= Grenz rays =

Low energy X-rays used in dermatology

Grenz rays are part of the electromagnetic spectrum comprising low energy (ultrasoft) X-rays. These were first investigated by Gustav Bucky in 1923 using a cathode vacuum tube with a lithium borate glass window, which he labeled Grenz rays as he believed that the biological effects resembled those of UV light and traditional X-rays and hence were on the border between the two (Grenz = border in German). These rays are also known as Bucky rays.
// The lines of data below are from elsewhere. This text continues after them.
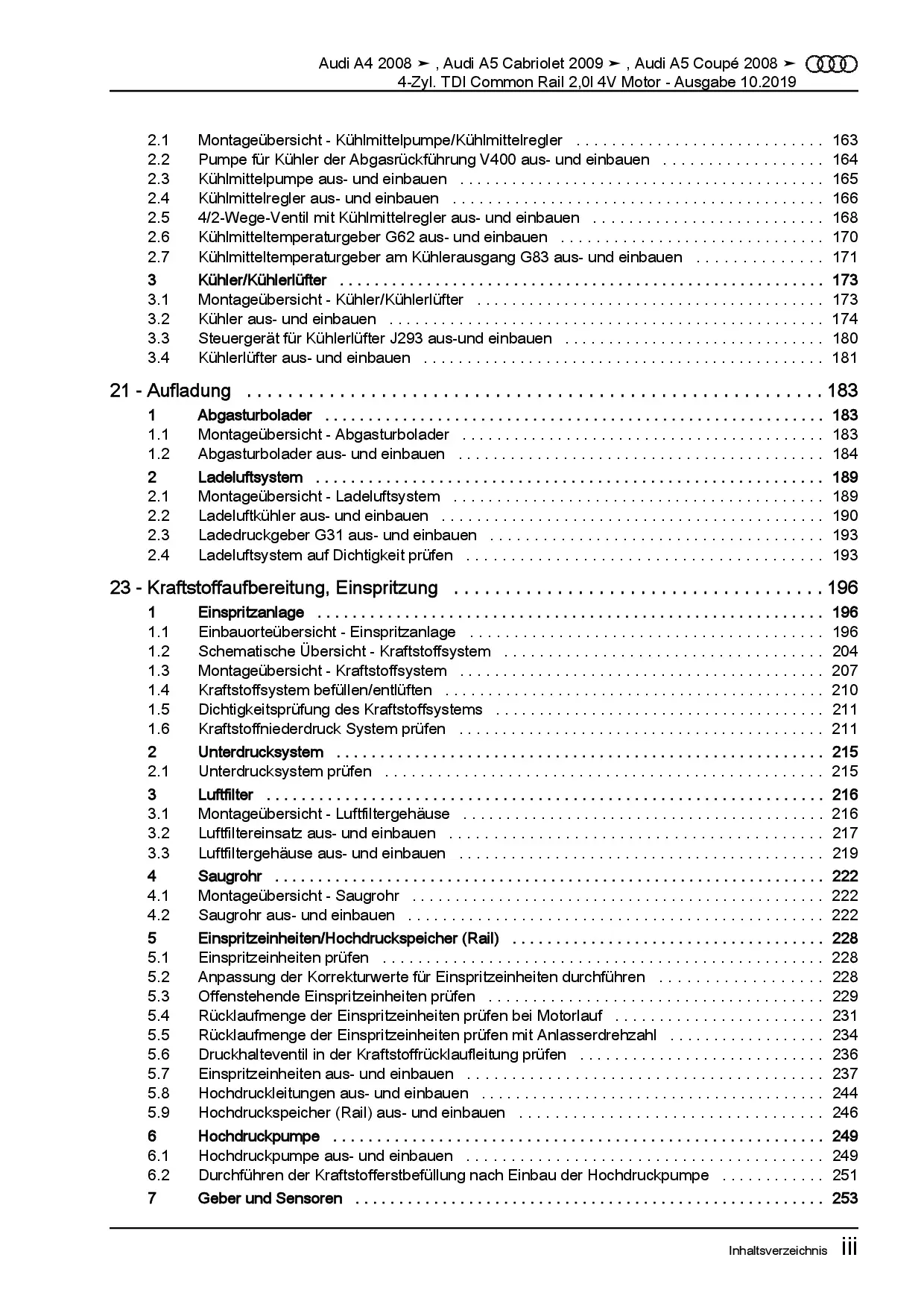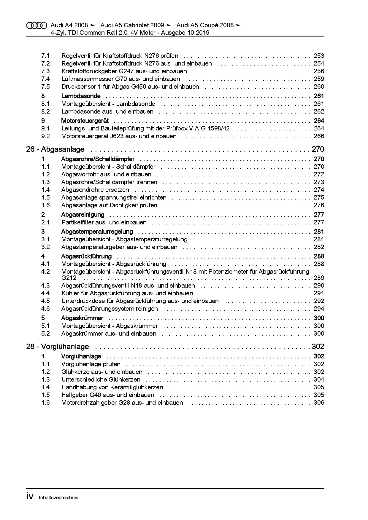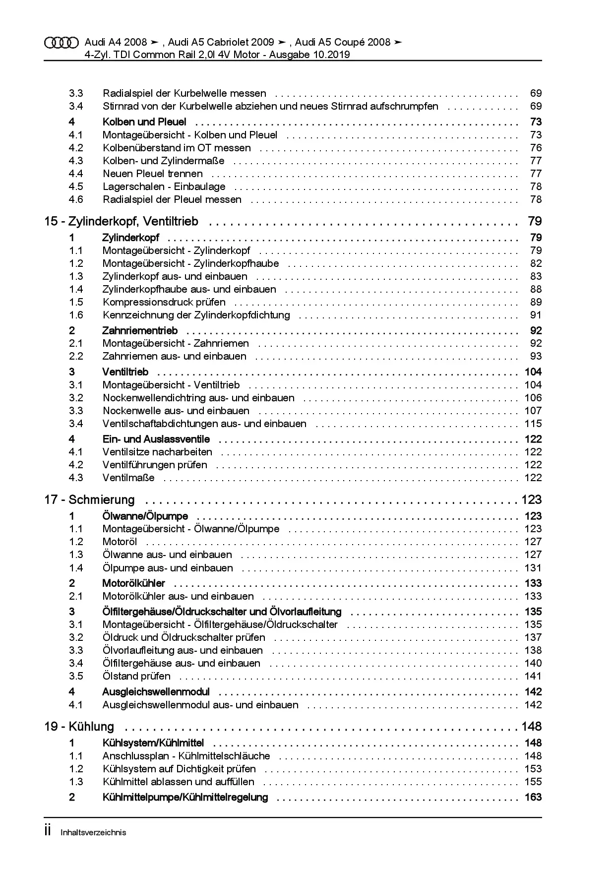 Diese Reparaturanleitung enthält detaillierte Beschreibungen zu Aus- und Einbauarbeiten, Einstell- und Prüfarbeiten sowie zahlreiche Grafiken, Bilder und Explosionszeichnungen. Die Kunststoffringbindung ermöglicht ein problemloses Umschlagen bis zu 180°.
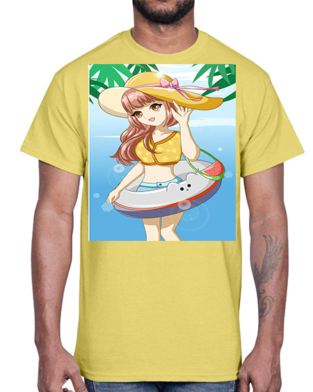 Happy and funny girl in beach with cute buoy in the summer 11#- anime- Cotton Tee
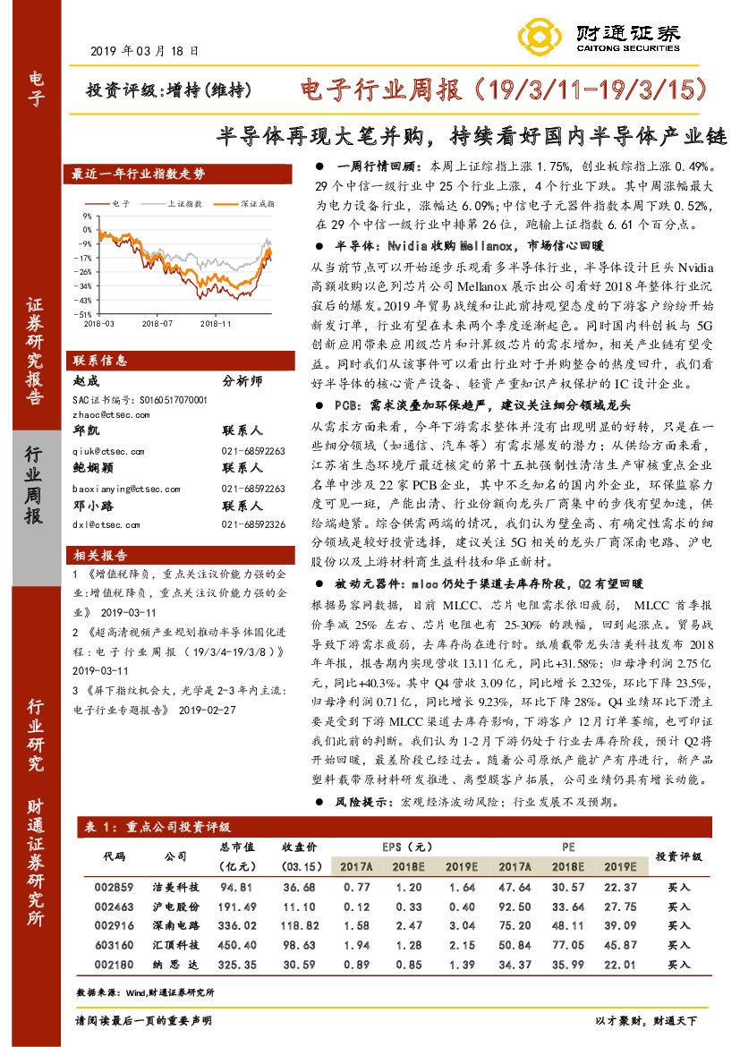 财通证券:电子行业周报:半导体再现大笔并购,持续看好国内半导体产业链.pdf
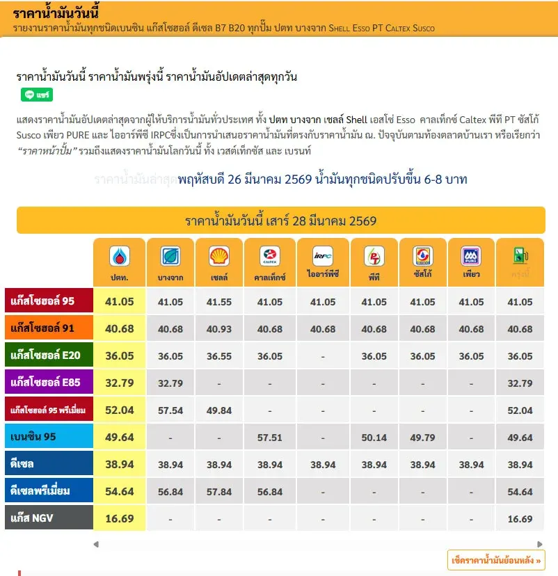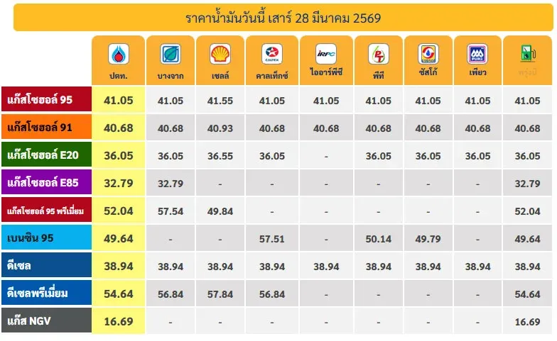 อัปเดตราคาหน้าปั๊มวันนี้ (28 มี.ค. 69)
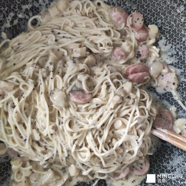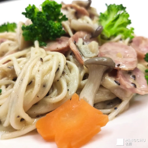 高端的食材搭配平庸的面条,随手取材,身边容易获得的食材做一个平庸不起眼但是非常好吃营养实在的主食或点心。妈妈做的肉肠的加入,有了肉的味道,结合黑松露就没那么怪了。更好吃了 #曾味 #松露酱 #松露油 #66期试用
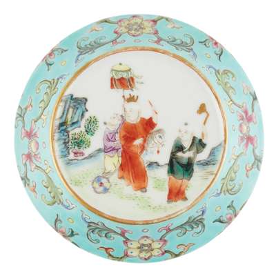 the top of the cover decorated with boys at play, including a boy riding a toy horse in a medallion with gilt circle, the rest of the exterior painted with floral scrolls reserved on a turquoise ground, the base inscribed with a four-character 'Jiu Wan Shan Fan' studio's mark in iron red
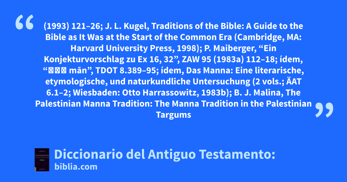 (1993) 121–26; J. L. Kugel, Traditions of the Bible: A Guide to the Bible as It Was at the Start of the Common Era (Cambridge, MA: Harvard University Press, 1998); P. Maiberger, “Ein Konjekturvorschlag zu Ex 16, 32”, ZAW 95 (1983a) 112–18; ídem, “מָן mān”, TDOT 8.389–95; ídem, Das Manna: Eine literarische, etymologische, und naturkundliche Untersuchung (2 vols.; ÄAT 6.1–2; Wiesbaden: Otto Harrassowitz, 1983b); B. J. Malina, The Palestinian Manna Tradition: The Manna Tradition in the Palestinian Targums
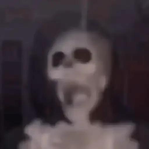 Uma caveira com olhos grandes e redondos, parecendo assustado ou surpreso, contra um fundo preto.
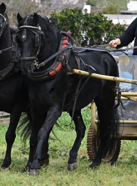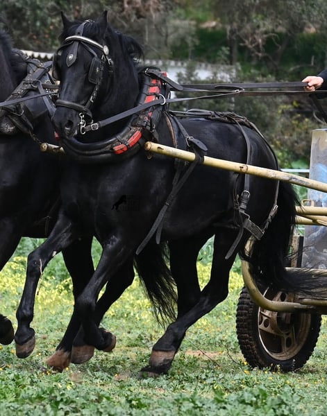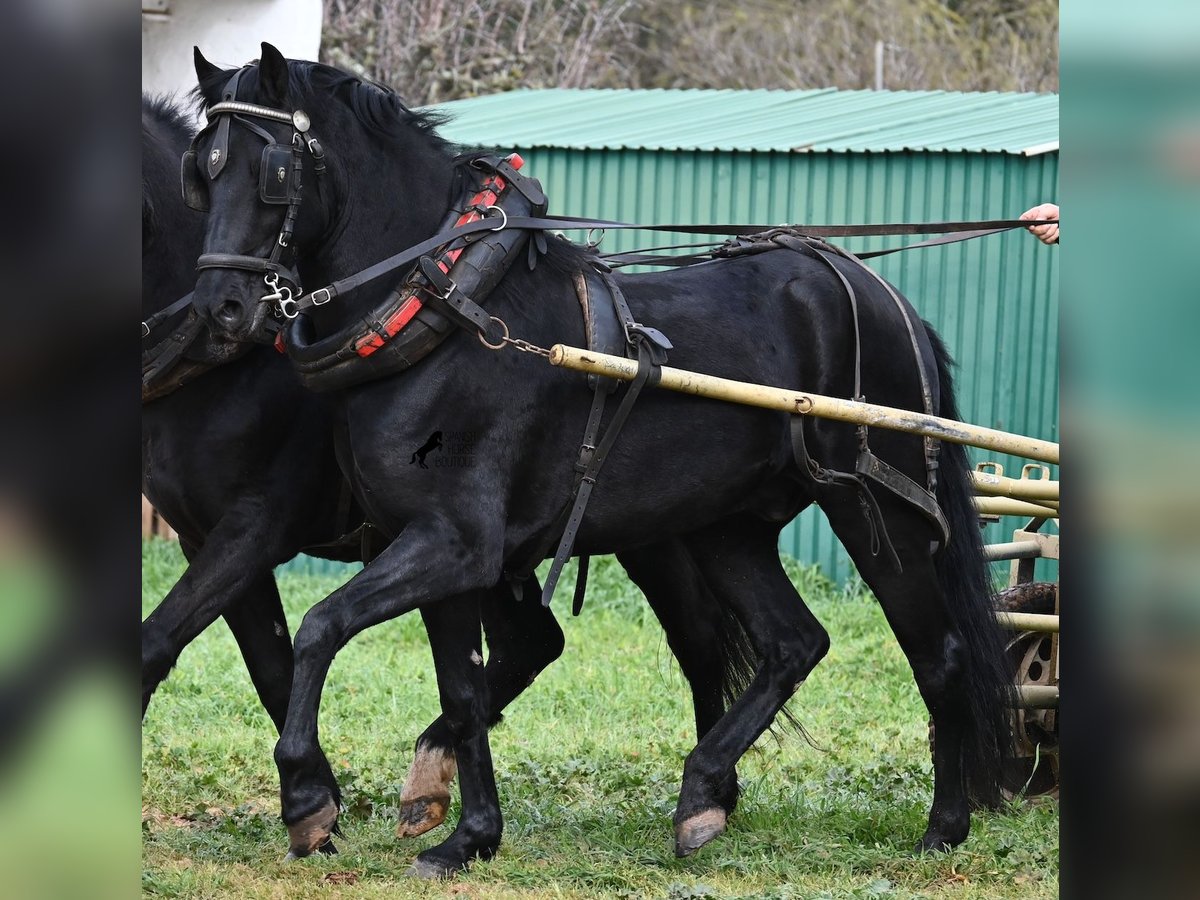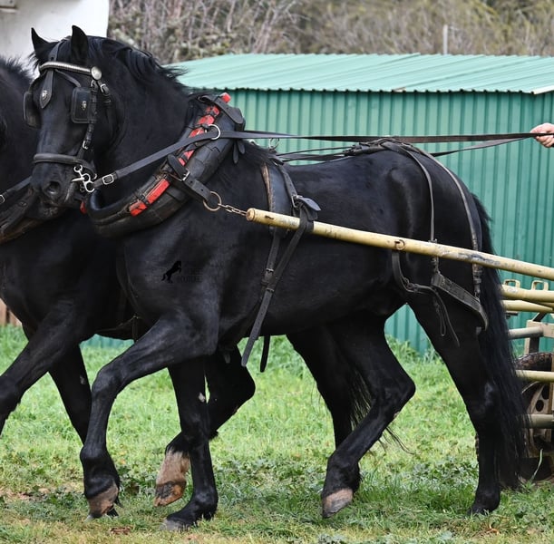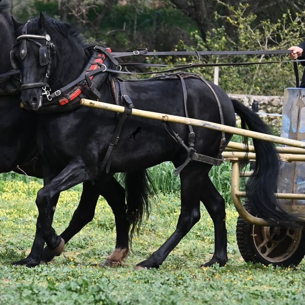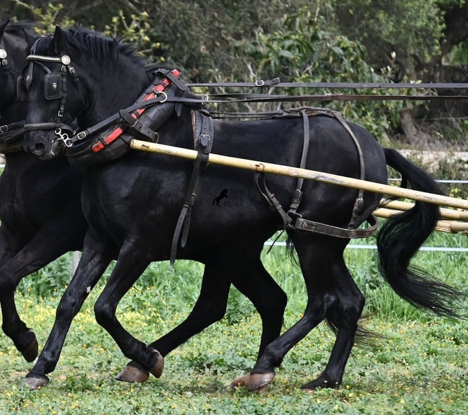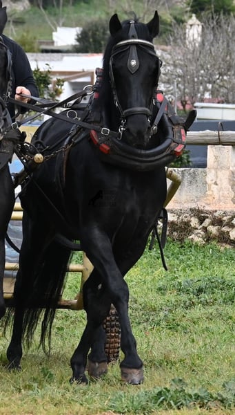 Questo stallone Menorquín, nato nel 2017, di razza pura, con un'altezza al garrese di 159 cm, si presenta compatto e armonioso. La sua struttura compatta si valorizza particolarmente davanti alla carrozza, dove viene condotto sia a traino singolo che multiplo. È nero lucente, senza segni bianchi, il che lo rende estremamente elegante come cavallo da tiro. Il suo movimento delle orecchie dimostra quanto sia attento e reattivo, rispondendo non solo alla guida delle redini, ma anche alla voce del conduttore. Sotto la sella, viene principalmente montato in passeggiata in campagna, quindi ha poca esperienza in arena con esercizi di dressage. Tuttavia, è un cavallo ideale per il tempo libero, perfetto per chi ama uscire o desidera continuare la sua formazione, poiché con la sua struttura potrebbe essere interessante anche per la Working Equitation. Nel rapporto con le persone, a volte mostra un pizzico di malizia, ma è assolutamente dolce e affettuoso. Si lascia condurre senza problemi anche senza ferrature, anche sui sentieri rocciosi di Menorca. Il prezzo riflette l’attuale categoria del Menorquín, una razza in via di estinzione e molto rara. La sua sede è a Minorca. Video e genealogia disponibili su richiesta. Su richiesta, posso organizzare una visita con certificato di salute (AKU), addestramento, trasporto o anche il vostro viaggio, nel caso vogliate venire di persona a vederlo. Per dettagli, consultate il mio sito o contattatemi direttamente. Saluti dalla Spagna

Grenz rays are produced by specially calibrated X-ray machines generally operating in the 10 to 30 kV range to produce X-rays with HVL less than 0.035 mm in aluminum. (HVL is half-value layer, and refers to a thickness of a given material that will cut the X-ray flux by 50%). Grenz rays are absorbed by air and therefore treatments must be given at fixed distances for which the machine has been calibrated. In human tissue Grenz rays have a half-value depth of 0.5 mm and are essentially absorbed within the first 2 mm of skin. The exact mechanism of action is unknown but it does have effects on the Langerhans cells in the epidermis.

== Uses ==
Grenz rays are indicated for treatment of eczema, psoriasis, palmoplantar pustulosis, neurodermatitis, pruritus ani and pruritus vulvae. They have been reported to be helpful for lichen planus, Grover's disease, Darier's disease, Hailey–Hailey disease and histiocytosis X. Grenz rays have also been used for treatment of actinic keratosis and Bowen's disease.